Hi,
I'm planning to run TPC-DS benchmarks on PostgreSQL and wanted to ask the community about the current recommended approach.
Some background: I've been running TPC-DS on Greenplum-based databases for a long time using adapted tooling (modified queries, load scripts, etc. for the MPP environment).
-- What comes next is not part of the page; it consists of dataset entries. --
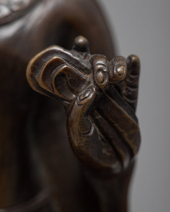 In this statue art, the right hand of Shakyamuni Buddha extends down to touch the ground. This gesture marks the time he summoned the earth to witness his transcendence of the realms of Mara, the supreme God of the world (samsara), who had attempted to draw his attention away from his meditation. As a result of Shakyamuni's achievement of Buddhahood, the earth rocked and shook. Shakyamuni's left-hand rests on his lap and holds his alms bowl in a meditative posture.
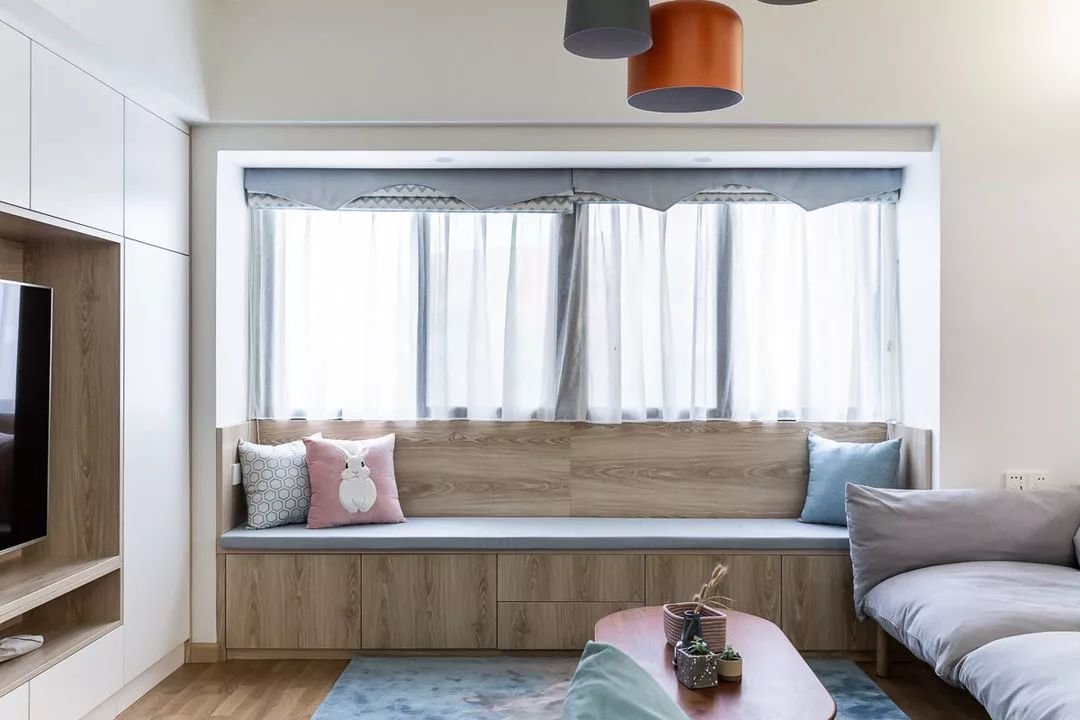很多人对飘窗的印象只停留在书房或卧室区域,其实客厅用飘窗也比较普遍了,客厅根据飘窗的大小来定制不同尺寸的柜子,让飘窗充分利用起来,为客厅增加一些使用功能。
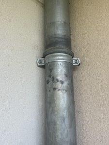 L’objet sur cette image est un tuyau métallique, probablement une descente de gouttière ou un conduit d’évacuation des eaux pluviales. Le système de fixation visible à la jointure est appelé un collier de serrage ou une bride de fixation, utilisé pour maintenir le tuyau en place contre le mur.

Now I'd like to benchmark on PostgreSQL as well, and I'm wondering whether the community has converged on a standard tool or workflow — or if everyone is still downloading the official TPC-DS kit and doing their own PostgreSQL adaptations.
A few specific questions:
1. Is there a commonly-used, well-maintained TPC-DS toolset for PostgreSQL? I know some tpcds tools for postgres like gregrahn/tpcds-kit(its tpcds version is 2.x, but the newest tpcds version is 4.x) on GitHub, but I'm curious if there's anything more "official" or widely adopted in the community — something that handles data generation, PostgreSQL-compatible DDL, query adaptation, and result collection out of the box.
2. TPC-DS is now at version 4.0. Which version of the specification are people currently using for PostgreSQL benchmarking? Is there a practical reason to prefer an older version (e.g., v2.x or v3.x) over the latest?
Any pointers to repos, scripts, wiki pages, or past threads would be greatly appreciated.
--
Zhang Mingli
HashData